### Goal of the exercise
Print out the full listing, exactly.

### Exercise data
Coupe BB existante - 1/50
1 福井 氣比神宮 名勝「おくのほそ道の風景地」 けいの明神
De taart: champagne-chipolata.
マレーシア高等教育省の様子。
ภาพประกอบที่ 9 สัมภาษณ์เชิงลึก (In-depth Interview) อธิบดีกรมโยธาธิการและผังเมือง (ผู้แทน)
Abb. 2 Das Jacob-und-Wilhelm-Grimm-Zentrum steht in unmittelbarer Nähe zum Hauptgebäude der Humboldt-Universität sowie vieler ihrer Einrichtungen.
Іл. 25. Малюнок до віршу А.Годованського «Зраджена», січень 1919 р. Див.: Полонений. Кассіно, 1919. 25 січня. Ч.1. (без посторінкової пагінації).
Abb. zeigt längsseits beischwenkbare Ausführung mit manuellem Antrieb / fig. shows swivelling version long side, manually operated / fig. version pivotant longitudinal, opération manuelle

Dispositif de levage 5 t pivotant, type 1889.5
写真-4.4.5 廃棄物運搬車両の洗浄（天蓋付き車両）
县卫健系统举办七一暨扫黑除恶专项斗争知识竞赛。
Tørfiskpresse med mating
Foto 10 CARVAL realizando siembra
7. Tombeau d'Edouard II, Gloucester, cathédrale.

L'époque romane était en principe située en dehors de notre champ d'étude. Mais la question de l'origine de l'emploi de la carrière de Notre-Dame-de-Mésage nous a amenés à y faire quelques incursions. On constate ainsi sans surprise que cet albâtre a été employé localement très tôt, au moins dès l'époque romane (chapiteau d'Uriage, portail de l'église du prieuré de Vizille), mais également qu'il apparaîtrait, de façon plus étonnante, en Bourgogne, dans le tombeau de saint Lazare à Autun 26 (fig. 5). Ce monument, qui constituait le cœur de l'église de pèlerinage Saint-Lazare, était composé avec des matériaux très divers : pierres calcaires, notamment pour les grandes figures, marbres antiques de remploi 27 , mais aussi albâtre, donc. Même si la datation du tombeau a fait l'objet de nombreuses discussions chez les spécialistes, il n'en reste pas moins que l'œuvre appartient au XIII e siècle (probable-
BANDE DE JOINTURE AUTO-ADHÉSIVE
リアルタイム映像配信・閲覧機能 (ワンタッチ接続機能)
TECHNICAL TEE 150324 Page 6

### Answer section
Coupe BB existante - 1/50
1 福井 氣比神宮 名勝「おくのほそ道の風景地」 けいの明神
De taart: champagne-chipolata.
マレーシア高等教育省の様子。
ภาพประกอบที่ 9 สัมภาษณ์เชิงลึก (In-depth Interview) อธิบดีกรมโยธาธิการและผังเมือง (ผู้แทน)
Abb. 2 Das Jacob-und-Wilhelm-Grimm-Zentrum steht in unmittelbarer Nähe zum Hauptgebäude der Humboldt-Universität sowie vieler ihrer Einrichtungen.
Іл. 25. Малюнок до віршу А.Годованського «Зраджена», січень 1919 р. Див.: Полонений. Кассіно, 1919. 25 січня. Ч.1. (без посторінкової пагінації).
Abb. zeigt längsseits beischwenkbare Ausführung mit manuellem Antrieb / fig. shows swivelling version long side, manually operated / fig. version pivotant longitudinal, opération manuelle

Dispositif de levage 5 t pivotant, type 1889.5
写真-4.4.5 廃棄物運搬車両の洗浄（天蓋付き車両）
县卫健系统举办七一暨扫黑除恶专项斗争知识竞赛。
Tørfiskpresse med mating
Foto 10 CARVAL realizando siembra
7. Tombeau d'Edouard II, Gloucester, cathédrale.

L'époque romane était en principe située en dehors de notre champ d'étude. Mais la question de l'origine de l'emploi de la carrière de Notre-Dame-de-Mésage nous a amenés à y faire quelques incursions. On constate ainsi sans surprise que cet albâtre a été employé localement très tôt, au moins dès l'époque romane (chapiteau d'Uriage, portail de l'église du prieuré de Vizille), mais également qu'il apparaîtrait, de façon plus étonnante, en Bourgogne, dans le tombeau de saint Lazare à Autun 26 (fig. 5). Ce monument, qui constituait le cœur de l'église de pèlerinage Saint-Lazare, était composé avec des matériaux très divers : pierres calcaires, notamment pour les grandes figures, marbres antiques de remploi 27 , mais aussi albâtre, donc. Même si la datation du tombeau a fait l'objet de nombreuses discussions chez les spécialistes, il n'en reste pas moins que l'œuvre appartient au XIII e siècle (probable-
BANDE DE JOINTURE AUTO-ADHÉSIVE
リアルタイム映像配信・閲覧機能 (ワンタッチ接続機能)
TECHNICAL TEE 150324 Page 6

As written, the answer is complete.